Вещи просматривали (карманов из вежливости не обыскивали), отобрали нож и ножницы (в некоторых отечественных тюрьмах отбирают также подтяжки, – тут оставили), деньги отобрали. Одноглазый сыщик всячески вокруг меня увивался, хлопал дружески по спине и на прощание протянул руку. Я потянулся за надзирателем по коридорам и лестницам. Грохот отворяемой железом окованной двери. Вхожу. Большая комната, полутьма, ковер на полу, скверный тюремный запах, жалкая кровать, внушающая недоверие… Надзиратель указал мне где что (электрическую лампочку забыли вставить), дал две спички и ушел, громыхая дверью. Я остался один. Было около часу ночи. Чувствовалась усталость после богатого событиями дня. Однако, прежде чем ложиться в кровать, я решил снарядиться (в Николаевской тюрьме или в Херсонской, 18 лет тому назад, я не был так осторожен): застегнул все пуговицы и укрылся своим пальто. Открыл форточку. Веяло прохладой. Тут только мне стала ясна вся несуразность случившегося: каким это образом я оказался в Мадриде в тюрьме? Вот уж не ожидал. Правда, меня выслали из Франции. Но я жил в Мадриде, как на железнодорожной станции, дожидаясь своего поезда, списывался с Гриммом[263] и Серрати[264] о переезде в Швейцарию через Италию, ходил в музей, глядел Гойю и Греко, был за тысячу верст от испанской полиции и юстиции. Если принять во внимание, что я в первый раз в Испании, прожил всего какую-нибудь неделю в Мадриде, не знаю испанского языка, ни с кем не виделся, кроме Депре, не посещая никаких собраний, то арест мой предстанет во всей своей нелепости.
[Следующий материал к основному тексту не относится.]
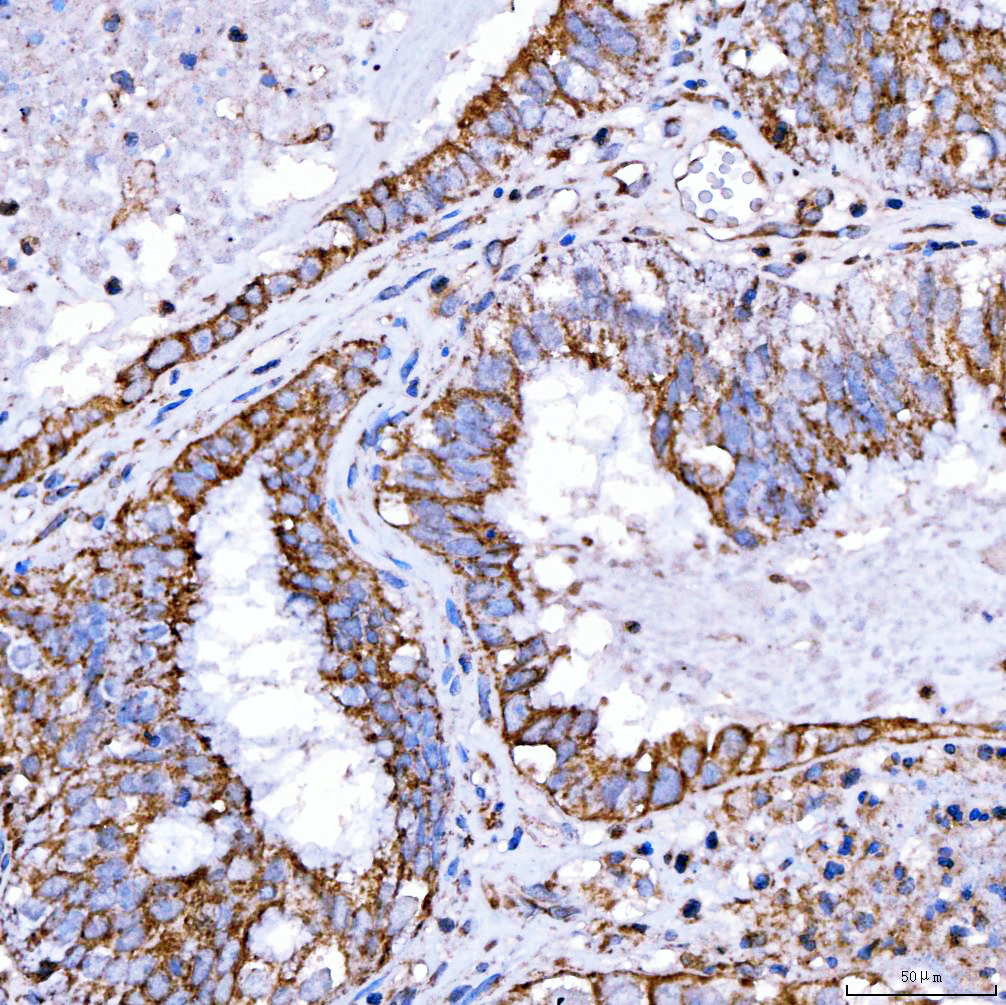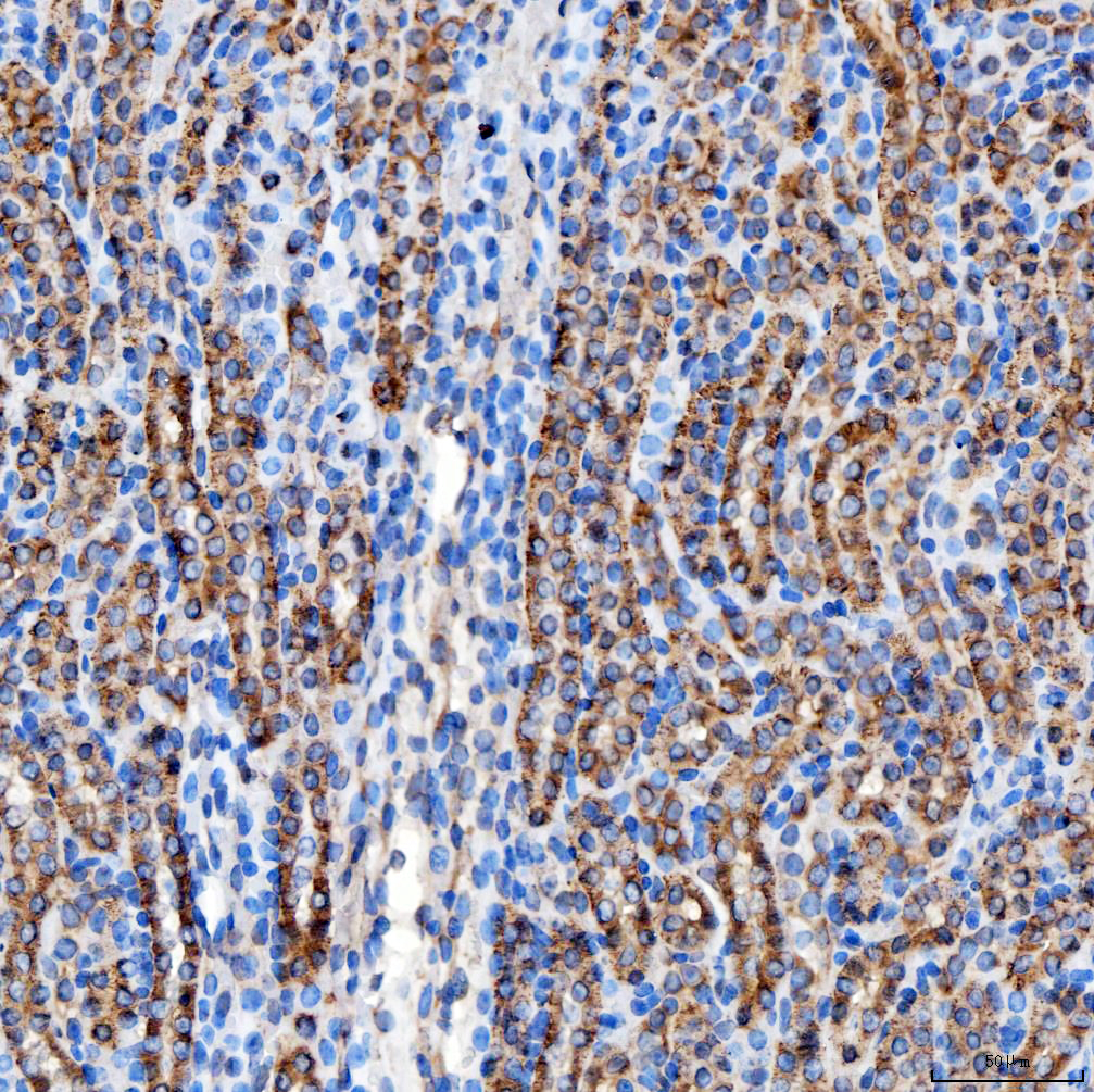 RAB7A was detected in a paraffin-embedded section of human duodenal papilla adenocarcinoma tissue. The tissue section was incubated with rabbit anti-RAB7A Antibody (A02409-1) at a dilution of 1:200 and developed using HRP Conjugated Rabbit IgG Super Vision Assay Kit (Catalog # SV0002) with DAB (Catalog # AR1027) as the chromogen.
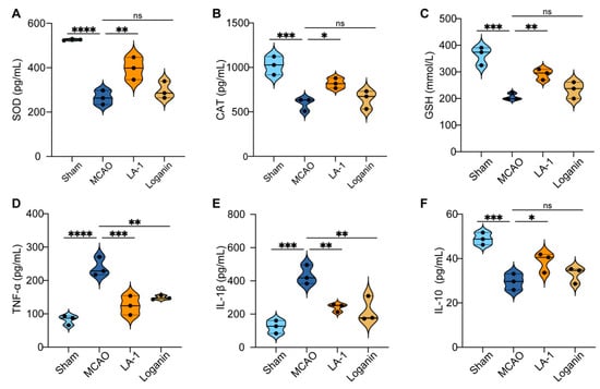 3.7. LA-1 Alleviates Oxidative Stress Damage and Inflammation Induced by Cerebral Ischemia–Reperfusion Injury
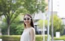 スカートスタイルもアイウェアのおかげでグッとモードに
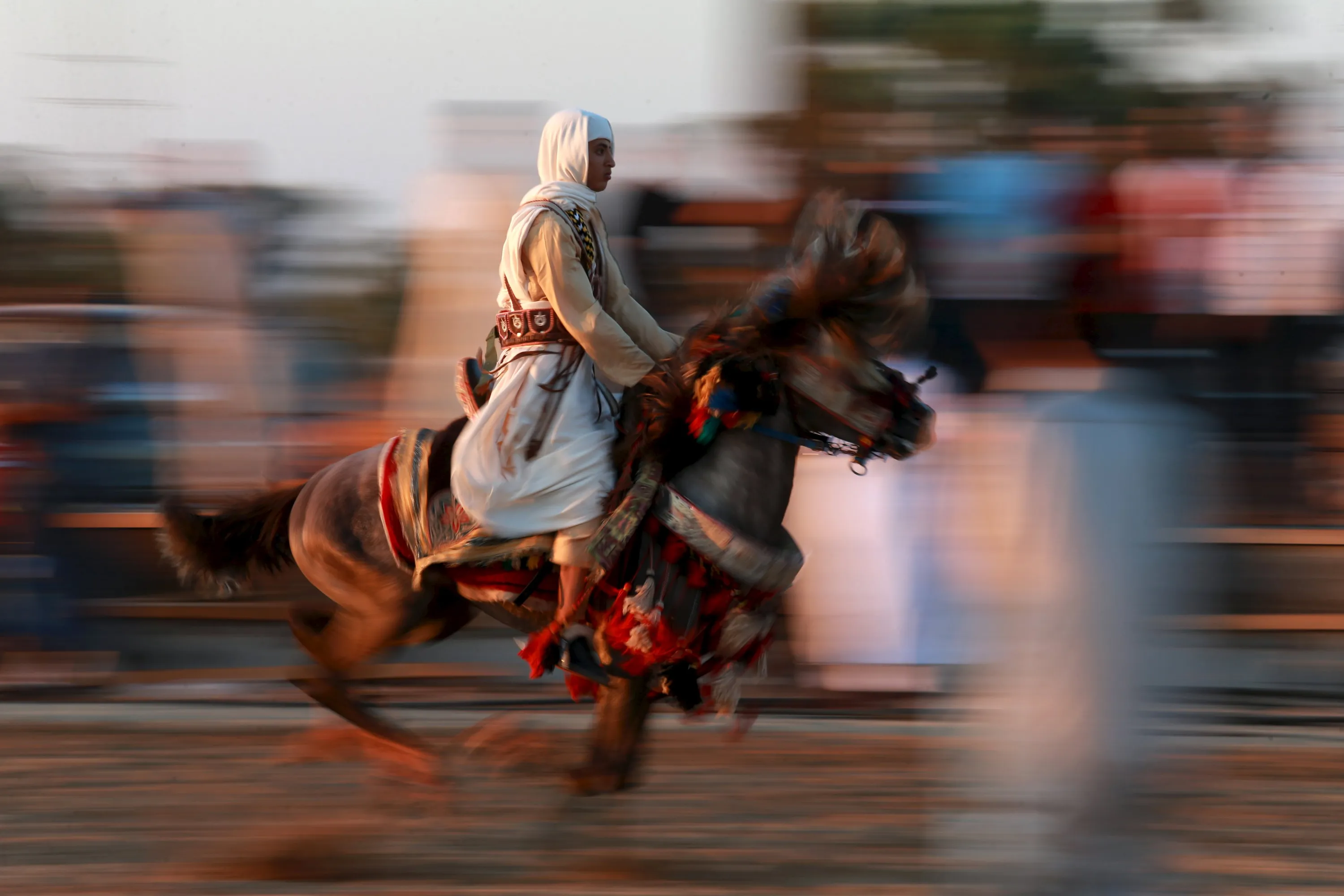 A horse rider, dressed in traditional costume, marks Eid al-Fitr in Benghazi, Libya, July 18, 2015. (Photo by Esam Omran Al-Fetori/Reuters)

Я лежал в постели в мадридской «образцовой тюрьме» и смеялся. Смеялся, пока не заснул. Спал крепко. Утро. В камере два окна, завешенные ситцевыми наволочками. На кровати подозрительная, но все же простыня. В углу вежливо заставлено подобием ширмы. Два угловых шкафика, вделанных в стену, со стеклом. Деревянное кресло. Столик. Умывальный столик под водопроводным краном. Над столом распятие на стене. На полу ковер. Все грязно и проплевано, но, во-первых, не так все же, как могло бы быть, а, во-вторых, коврик, и занавески, и шкафчики, и два полотенца у умывальника, – совсем не по тюремному штату. Позже, на прогулке, мне объяснили, что в этой тюрьме есть камеры платные и бесплатные: буквально. Платные в свою очередь делятся на два класса: первый – цена номера 1 песета 50 сант. в сутки и второй – по 75 сант. в сутки. Всякий арестант в праве занять платное помещение, хотя и не в праве отказываться от бесплатного. Моя камера – платная, первого класса. Занавески на окнах, как оказывается, это чтобы не видно было решеток и чтобы комната походила по возможности на отдельную.
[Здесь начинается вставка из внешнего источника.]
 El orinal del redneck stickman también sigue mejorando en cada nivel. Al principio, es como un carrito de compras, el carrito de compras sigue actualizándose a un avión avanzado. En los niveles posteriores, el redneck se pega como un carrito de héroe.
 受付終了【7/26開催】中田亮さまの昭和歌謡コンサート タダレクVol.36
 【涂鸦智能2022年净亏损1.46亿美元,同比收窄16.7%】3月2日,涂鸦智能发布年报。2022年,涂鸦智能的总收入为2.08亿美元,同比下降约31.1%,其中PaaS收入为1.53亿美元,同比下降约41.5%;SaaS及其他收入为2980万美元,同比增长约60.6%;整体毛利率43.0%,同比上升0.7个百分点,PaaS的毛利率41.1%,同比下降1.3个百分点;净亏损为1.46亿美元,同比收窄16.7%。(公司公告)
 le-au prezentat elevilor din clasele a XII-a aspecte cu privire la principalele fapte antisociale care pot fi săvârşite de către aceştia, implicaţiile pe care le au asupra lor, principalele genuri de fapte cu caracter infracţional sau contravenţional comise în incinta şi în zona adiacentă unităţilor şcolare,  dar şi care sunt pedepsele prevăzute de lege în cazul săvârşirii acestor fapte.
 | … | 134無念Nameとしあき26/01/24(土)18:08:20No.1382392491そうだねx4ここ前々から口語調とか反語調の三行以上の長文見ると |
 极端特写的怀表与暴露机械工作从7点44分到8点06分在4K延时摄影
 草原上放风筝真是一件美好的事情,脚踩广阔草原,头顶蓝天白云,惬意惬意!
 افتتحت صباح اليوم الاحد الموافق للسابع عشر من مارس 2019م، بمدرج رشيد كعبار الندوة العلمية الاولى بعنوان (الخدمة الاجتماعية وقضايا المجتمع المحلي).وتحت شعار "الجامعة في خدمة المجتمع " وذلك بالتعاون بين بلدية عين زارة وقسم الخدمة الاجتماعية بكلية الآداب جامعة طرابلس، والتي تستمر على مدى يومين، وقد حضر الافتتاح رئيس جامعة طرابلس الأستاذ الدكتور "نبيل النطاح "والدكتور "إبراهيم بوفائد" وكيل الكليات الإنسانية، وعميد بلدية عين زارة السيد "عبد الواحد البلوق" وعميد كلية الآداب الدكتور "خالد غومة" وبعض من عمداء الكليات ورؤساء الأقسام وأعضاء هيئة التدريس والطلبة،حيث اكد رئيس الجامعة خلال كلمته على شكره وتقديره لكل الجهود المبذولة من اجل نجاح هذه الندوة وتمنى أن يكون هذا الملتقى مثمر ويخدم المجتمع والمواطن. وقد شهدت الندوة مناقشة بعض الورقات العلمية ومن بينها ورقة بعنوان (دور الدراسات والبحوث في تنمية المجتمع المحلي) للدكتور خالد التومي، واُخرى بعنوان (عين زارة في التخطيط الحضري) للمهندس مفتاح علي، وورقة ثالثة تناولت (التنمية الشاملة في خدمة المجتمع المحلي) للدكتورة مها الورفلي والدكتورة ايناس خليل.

Я нигде не слыхал о тюрьме из трех классов и о платных камерах. Но, в конце концов, приходится признать, что испанские буржуа только последовательны. Почему должно быть равенство пред тюрьмой в обществе, которое целиком построено на неравенстве и расчленяется на три класса: имущий, неимущий и промежуточный.

На прогулке же я узнал, что обитатели платных камер пользуются еще одной важной привилегией: они гуляют два раза в день по часу, тогда как остальные – всего раз. Это опять-таки правильно. Легкие арестантов, которые платят ежедневно полтора франка, имеют право на большую порцию чистого воздуха, чем легкие, которые дышат бесплатно.

Моими товарищами по прогулке были сплошь интересные персонажи. Худощавый кособокий немец с шарфом и в суконных башмаках. Говорит бегло на четырех языках. Бросил изучать русский только потому, что очень трудно. «Вам хорошо, – объясняет он мне, – русский язык так труден, что все остальные вам даются легко». Он сразу овладевает мною и знакомит меня с остальными. Бритый, в черном, с гладко причесанными блестящими волосами – это кубанский испанец или испано-американец. Ничего особенного. Не то убил, не то ранил свою жену.

Вон тот, в синей паре с безукоризненной складкой, в желтых башмаках и берете – это известный, выдающийся, виднейший вор. Его даже в газетах называют королем воров… Впрочем, может быть, это и преувеличено, – говорит немец тоном зависти.

Третий – лохматый, толстый, черный, в бархатном костюме – прибыл только сегодня. Кто он, неизвестно. Кубанец сразу прозвал его – очевидно, за внешний вид – Санхо-Пансой.[265] Король воров оказался очень любезным, хотя и сдержанным собеседником.

– Проклятая война. Из Парижа? А как теперь в Париже полиция? Вена – прекрасный город. Ринг, Кернтнерштрассе… Вы были в Лондоне? О, имеет свои преимущества. – Все это мимоходом.

– Вы, по-видимому, хорошо знаете Европу?

– Да, недурно. И обе Америки то же.

– Но в России вы не были?

– Был. Во время войны. Раньше в Лодзи, а когда немцы туда пришли, я переехал в Варшаву. Там было одно хорошее предприятие, на восемьдесят тысяч франков…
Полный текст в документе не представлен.